== EXTRACTED RECORDS ==
#####
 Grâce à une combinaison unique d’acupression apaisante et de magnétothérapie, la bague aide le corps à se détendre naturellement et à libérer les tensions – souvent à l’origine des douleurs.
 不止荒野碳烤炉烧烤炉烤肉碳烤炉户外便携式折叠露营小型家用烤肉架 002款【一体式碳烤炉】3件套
#####
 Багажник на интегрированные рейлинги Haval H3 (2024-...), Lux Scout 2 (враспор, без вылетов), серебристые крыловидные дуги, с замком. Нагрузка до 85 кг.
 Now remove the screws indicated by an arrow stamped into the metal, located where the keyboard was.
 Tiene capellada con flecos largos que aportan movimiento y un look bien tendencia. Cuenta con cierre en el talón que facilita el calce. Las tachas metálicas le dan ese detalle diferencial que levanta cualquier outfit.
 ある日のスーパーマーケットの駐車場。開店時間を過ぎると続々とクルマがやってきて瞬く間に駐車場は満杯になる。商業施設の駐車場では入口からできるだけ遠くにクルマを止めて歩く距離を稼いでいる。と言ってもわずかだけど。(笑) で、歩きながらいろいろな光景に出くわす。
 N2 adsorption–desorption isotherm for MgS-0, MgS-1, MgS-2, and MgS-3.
#####
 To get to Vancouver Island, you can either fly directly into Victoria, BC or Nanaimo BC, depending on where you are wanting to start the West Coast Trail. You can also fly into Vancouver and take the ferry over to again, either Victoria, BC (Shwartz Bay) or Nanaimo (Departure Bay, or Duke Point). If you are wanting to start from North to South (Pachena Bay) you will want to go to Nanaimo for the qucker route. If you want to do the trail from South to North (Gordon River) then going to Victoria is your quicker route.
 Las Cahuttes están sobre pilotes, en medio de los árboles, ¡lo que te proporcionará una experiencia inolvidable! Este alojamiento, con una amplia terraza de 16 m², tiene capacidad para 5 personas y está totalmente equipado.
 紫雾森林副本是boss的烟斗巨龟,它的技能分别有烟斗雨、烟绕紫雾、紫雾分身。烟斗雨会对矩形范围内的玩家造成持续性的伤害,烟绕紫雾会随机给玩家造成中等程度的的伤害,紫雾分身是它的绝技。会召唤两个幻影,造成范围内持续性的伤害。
#####
== EXERCISE PROMPT ==
In the entries above, find the line holding "Багажник на интегрированные" and the line holding "Now remove the", then retype exactly those two lines and every line between them, and nothing else.

== TASK RESPONSE ==
 Багажник на интегрированные рейлинги Haval H3 (2024-...), Lux Scout 2 (враспор, без вылетов), серебристые крыловидные дуги, с замком. Нагрузка до 85 кг.
 Now remove the screws indicated by an arrow stamped into the metal, located where the keyboard was.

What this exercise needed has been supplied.